Irenaeus firmly set aside any attempt to evade the implications of millennial prophecies by resorting to the subterfuge of allegorization. This was a Gnostic strategem. Christians must beware of it. "If, however, any shall endeavour to allegorize (prophecies) of this kind, they shall not be found consistent with themselves in all points, and shall be confuted by the teaching of the very expressions (in question)". [45] Irenaeus instanced a series of passages from Isaiah, and added: "Now all these things, being such as they are, cannot be understood in references to super-celestial matters; 'for God', it is said, 'will show to the whole earth that is under heaven thy glory'. But in the times of the kingdom, the earth has been called again by Christ (to its pristine condition), and Jerusalem rebuilt after the pattern of the Jerusalem above. And in the Apocalypse John saw this new (Jerusalem) descending upon the new earth . . . Of this Jerusalem the former one is an image - that Jerusalem of the former earth in which the righteous are disciplined beforehand for incorruption and prepared for salvation. And of this tabernacle Moses received the pattern in the mount; and nothing is capable of being allegorized, but all things are stedfast and true, and substantial, having been made by God for righteous men's enjoyment". [46]

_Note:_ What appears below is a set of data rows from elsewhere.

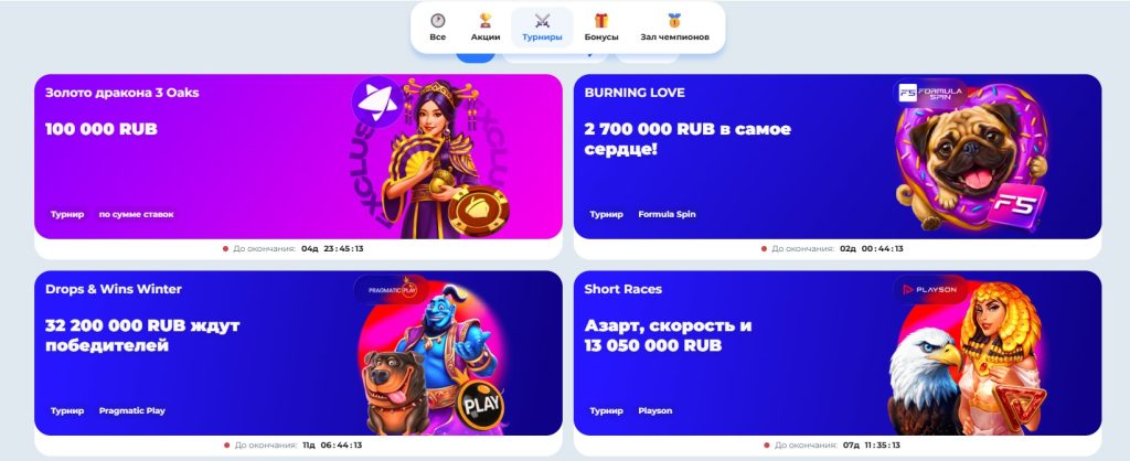 - Слот-турниры — соревнование по сумме выигрышей или количеству спинов за определённый отрезок времени.
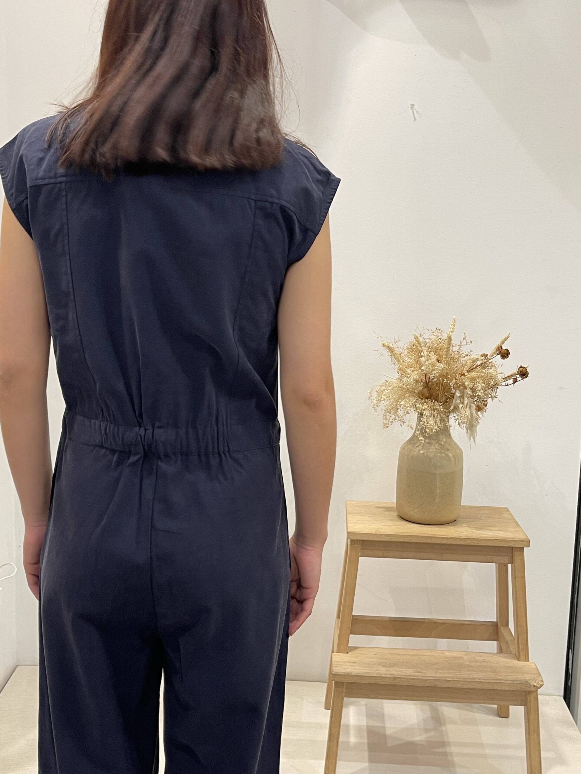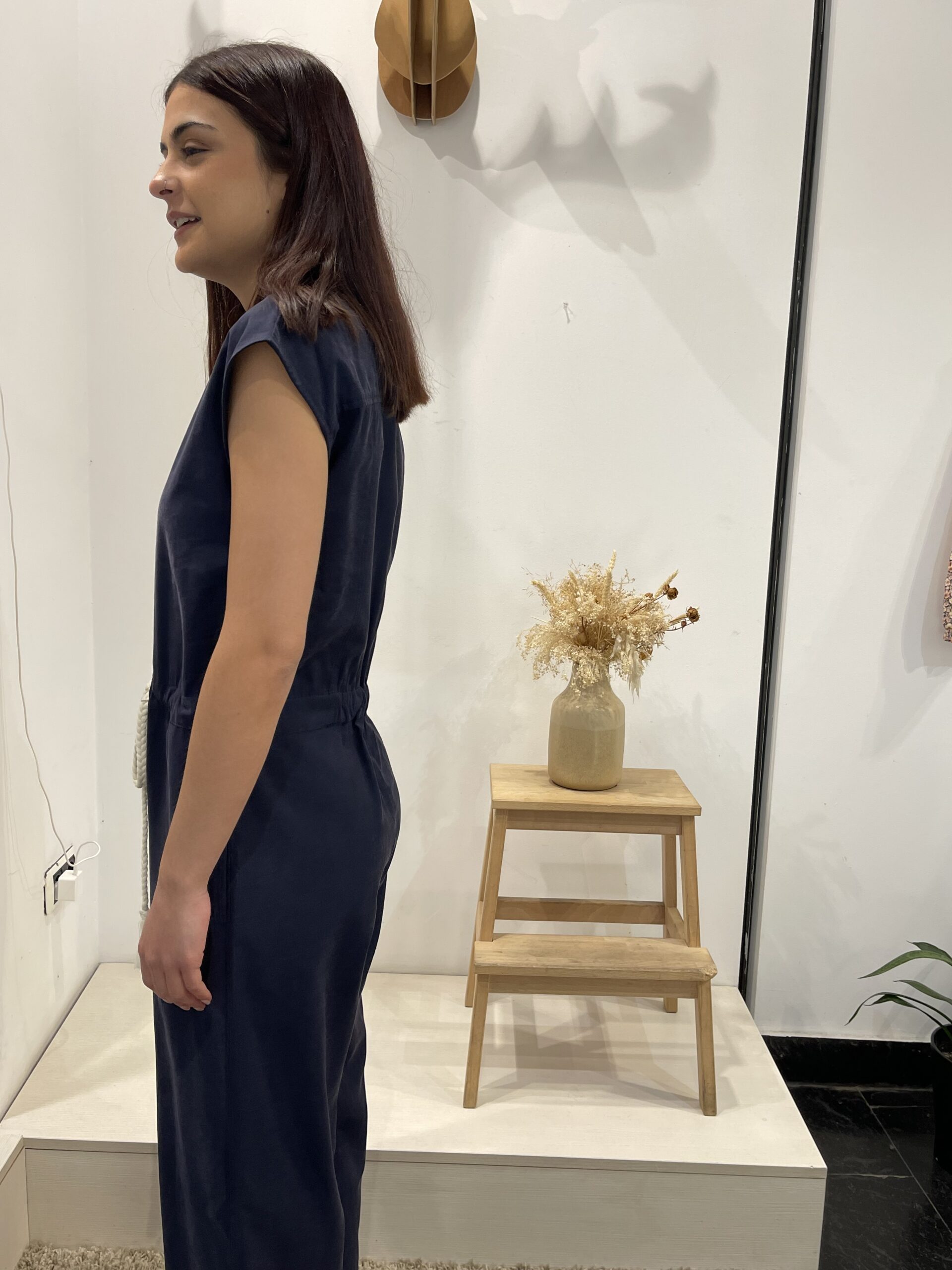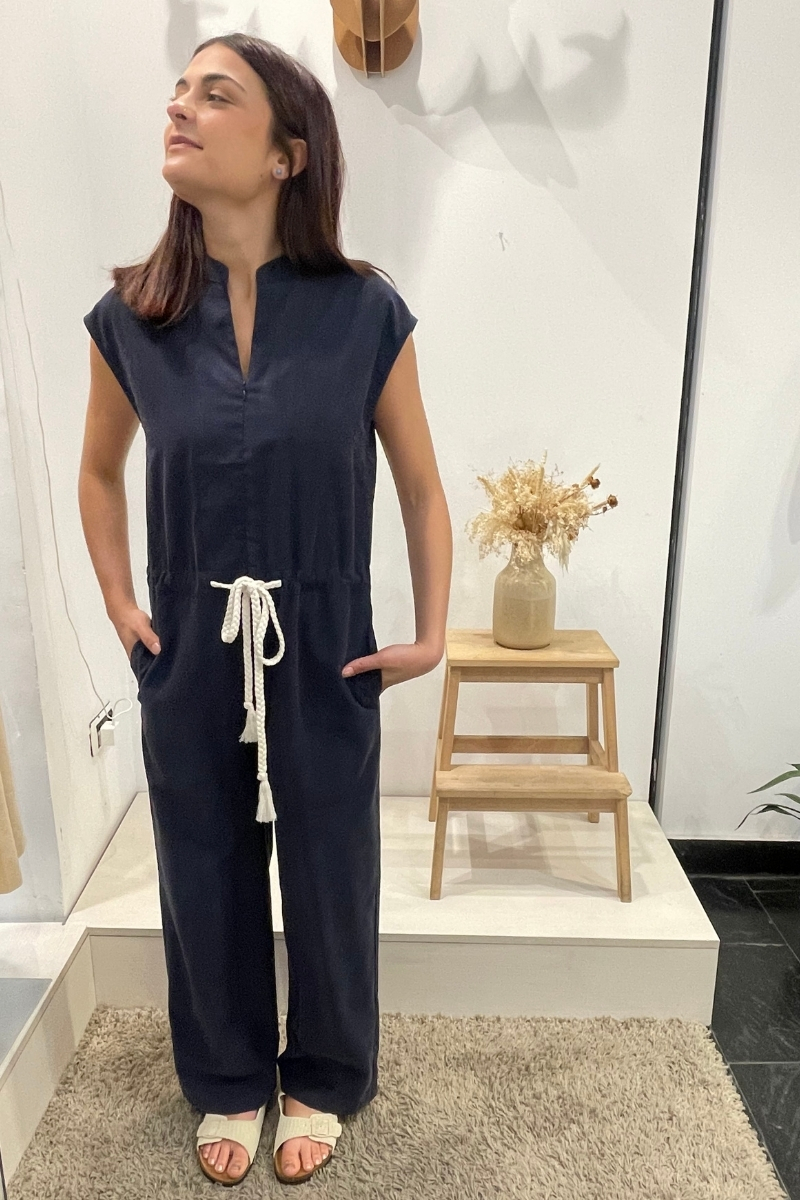 Mono de manga corta con escote en V con cinturón y bolsillos.
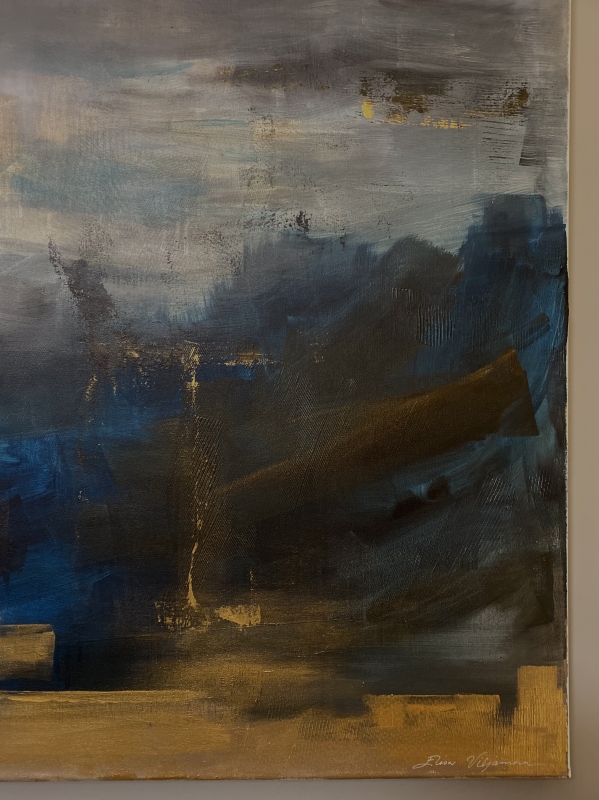 Kuvaus: Yksityiskohta teoksesta Unilintu, katso kokonaisuus. Upea tumma teos, syvällinen, tunteellinen abstrakti.
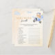 Houd gasten vermaakt met dit leuke Bearly Wait baby shower Word Scramble spel! Met een lief waterverf-ontwerp van een teddybeer die door de wolken vliegt, nodigt deze afdrukbare activiteit gasten uit om populaire baby-gerelateerde woorden te ontwarren. Een leuk en eenvoudig spel dat past bij je volledige Bearly Wait-collectie - ideaal voor een genderneutraal, avontuurlijk of hemels feest.
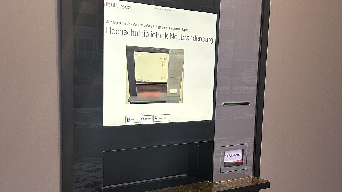 Zur Selbstverbuchung folgen Sie bitte den Anweisungen am Bildschirm. Für die Nutzung des Selbstverbuchungsautomaten benötigen Sie Ihre Hochschulkarte bzw. Ihren Bibliotheksausweis.
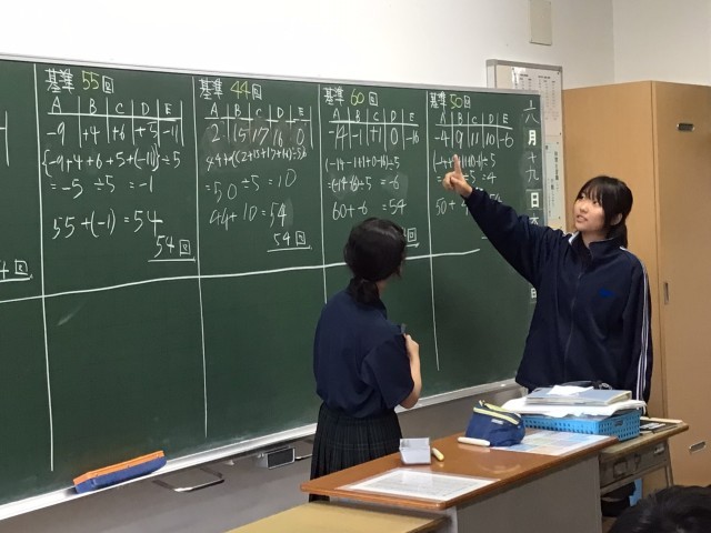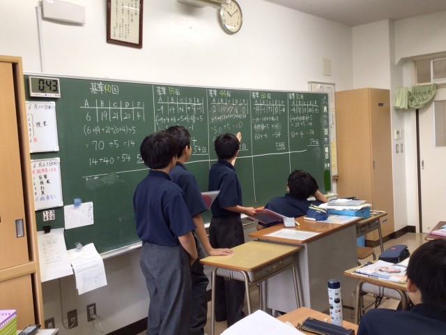 数学の授業では、平均を求めるときに基準を決めて仮平均を利用して簡単に求められるようになろうという授業を行いました。
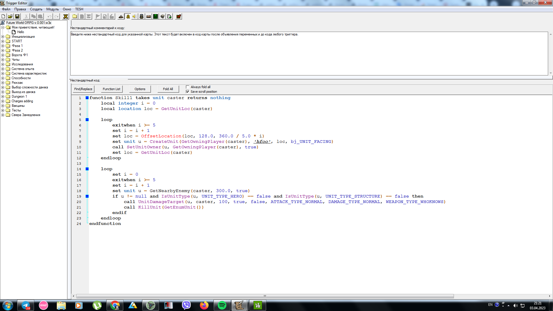 По задумке, код должен создать вокруг Caster, 5 юнитов, которые будут вокруг него кружится. И будут принадлежать владельцу юнита Caster. Если подойдет вражеский юнит к ним, то они взорвутся и нанесут 100 ед. урона.
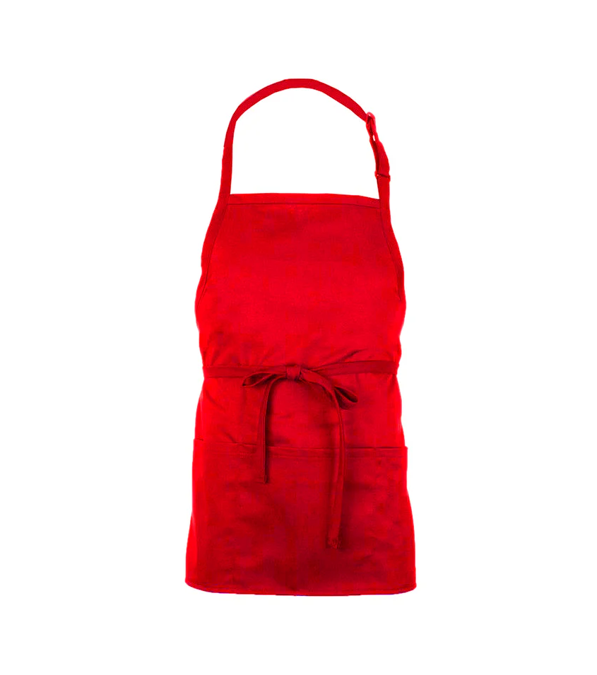 Tablier court à bavette, ajustable au cou, 27 po de large X 24 po de long, grande poche séparée en trois au bas du tablier.
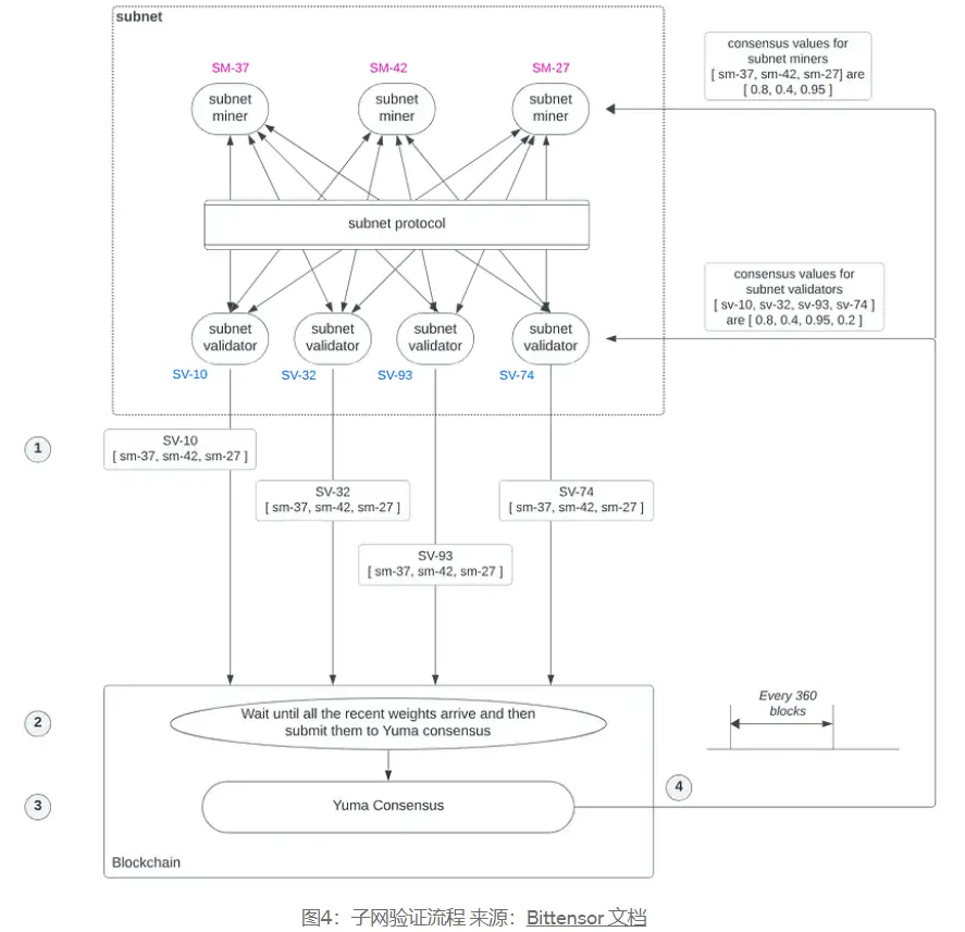 子网验证器可以随时将其排名权重向量传输到区块链上。但是子网的 Yuma 共识周期在每 360 个区块(即 4320 秒或 72 分钟,以每区块 12 秒计)开始时使用最新的权重矩阵。如果子网验证器的排名权重向量在 360 区块周期后到达,那么该权重向量将在下一个 Yuma 共识周期开始时使用。每个周期结束完成 TAO 奖励的发放。
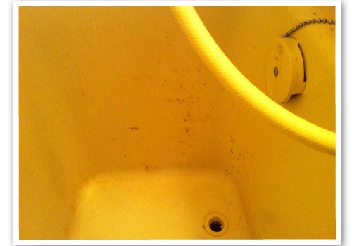 大阪府豊中市で浴室のハウスクリーニングの事例です。 浴槽の中全体にサビが広がっていて、酸性洗剤や一般的なサビ取り剤(還元剤)ではまったく反応しない状態でした。 浴槽の素材がFRPなので硬いもので擦るわけにもいかず、業務用...
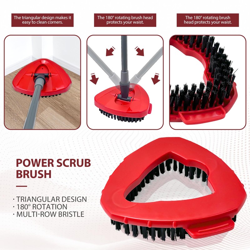- [User-Friendly]: Vlieda scrub mop head rotates 180 degrees, allowing you to easily clean corners and hard-to-reach areas without bending over. Spin mop scrub brush helps protect your back and knees, making cleaning more comfortable and effortless.
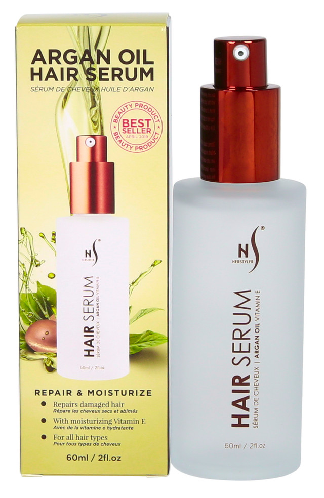 A lightweight, non-greasy serum that repairs damaged hair, tames frizz, and adds glossy shine. Infused with Argan Oil, Aloe Vera, and Vitamin E to smooth split ends and protect against daily buildup. Suitable for all hair types, including color-treated hair. Apply 12 pumps to damp or dry hair. 60 ml - 2 fl. oz.
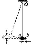 如图所示的单摆,摆球a向右摆动到最低点时,恰好与一沿水平方向向左运动的粘性小球b发生碰撞,并粘在一起,且摆动平面不变。已知碰撞前a球摆动的最高点与最低点的高度差为h,摆动的周期为T,a球质量是b球质量的5倍,碰撞前a球在最低点的速度是b球速度的一半。则碰撞后 ( )
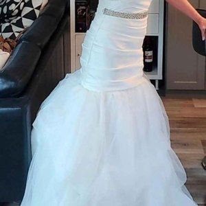 Size 6 to 8, bustled, with a long train when undone. I am 5’ 3” and wore 6” boots (pictured below for reference), and the hem was still quite generous. Included is the $120 jeweled sash. Tulle skirt. And the most beautiful Mikado fabric. Exclusively from David's Bridal.
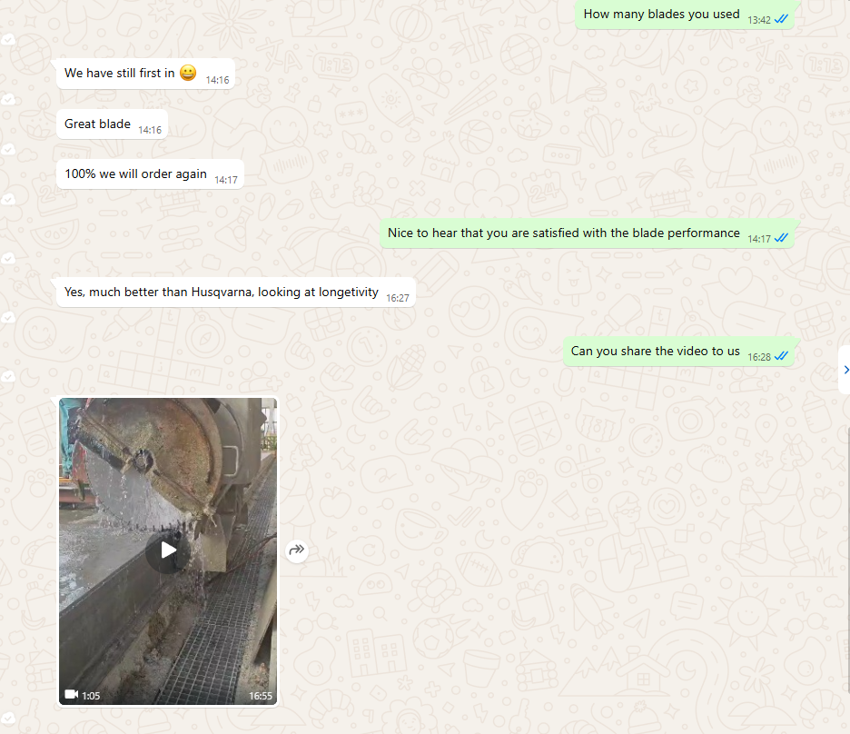 Диск использовался для резки плотных железобетонных плит, армированных сталью, где важны как эффективность, так и долговечность. Клиент остался очень доволен результатом, отметив постоянную остроту лезвия и долгий срок службы.
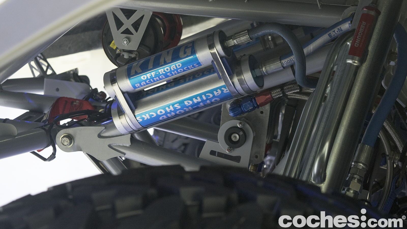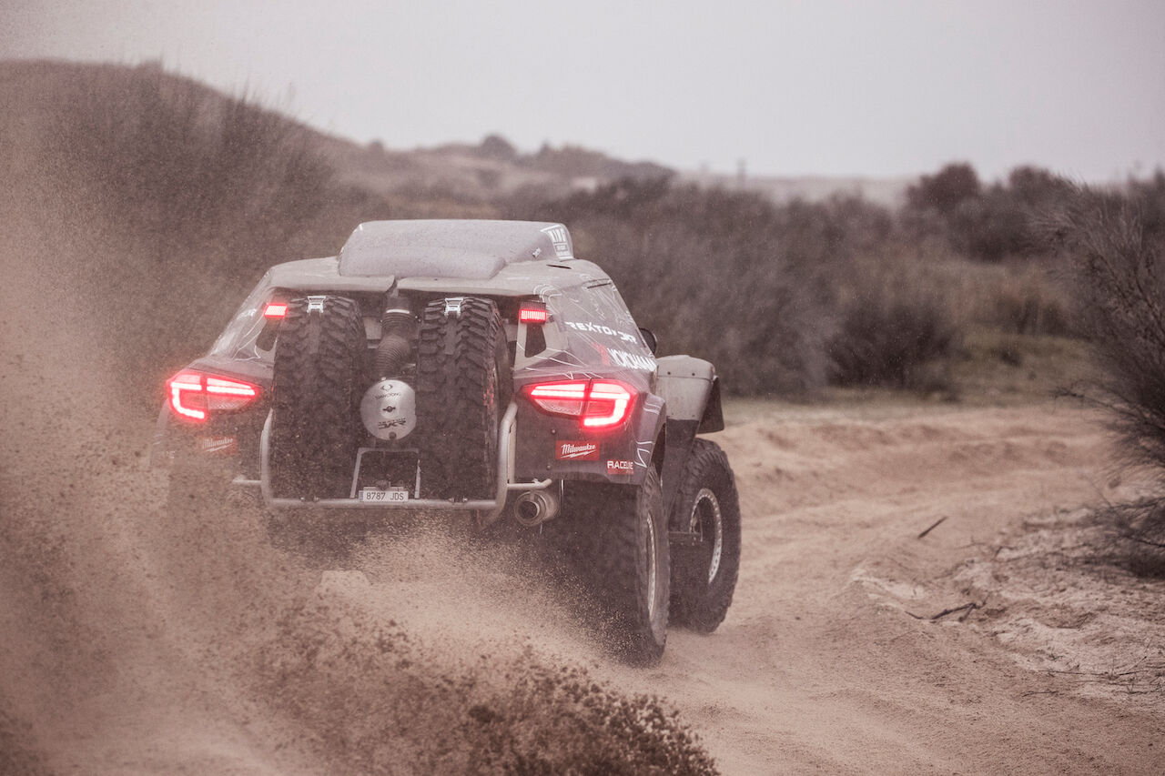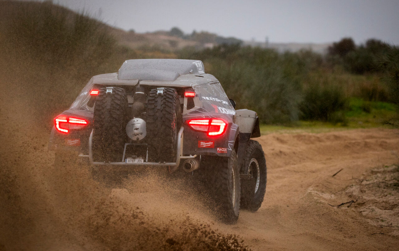 De esta forma podrá surcar las dunas a velocidades de hasta 195 km/h, con una impresionante aceleración de 0 a 100 km/h en 4,4 segundos. Igual de importantes son otros elementos como las llantas de 17 pulgadas Raceline con «beadlock», que van calzadas por neumáticos Yokohama Geolandar M/T G003. Las suspensiones cuentan con amortiguadores refrigerados King, cuatro en cada eje y con un recorrido de 400 mm delante y 600 mm detrás. El depósito de combustible Pyrotect ahora es de 300 litros (las etapas serán más cortas) y cuenta con cuatro bombas de alta presión.
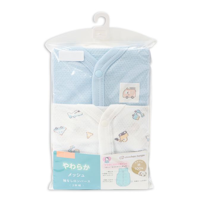 akachan honpo - 無袖網眼包屁衣2件組前開式-交通工具-淺藍色

As Vernet remarks, we have here a millenarianism which is far from timid. [47] It is thorough-going and, particularly in the fanciful description derived from Papias, "coloured by material views", as Hitchcock quite rightly concludes. [48] When Irenaeus abides by his determination to keep close to Scripture. his arguments carry weight. When, as here, he accepts a tradition parallelled in extrabiblical Jewish apocalyptic but not in the Word of God, he forfeits our regard. It ought also to be borne in mind that the strong emphasis of Irenaeus on the literal fulfilment of the prophecies concerning the Millennium were no doubt conditioned to some degree by the fact that he was contending against the Gnostic heretics, who denied the redeemability of the material. [49] The millennial teaching of Irenaeus must not be isolated from the rest of his theology. It is all of a piece with it, and Irenaeus was the first to formulate (however embryonically) a millennia - indeed pre-millennial - system of interpretation. [50]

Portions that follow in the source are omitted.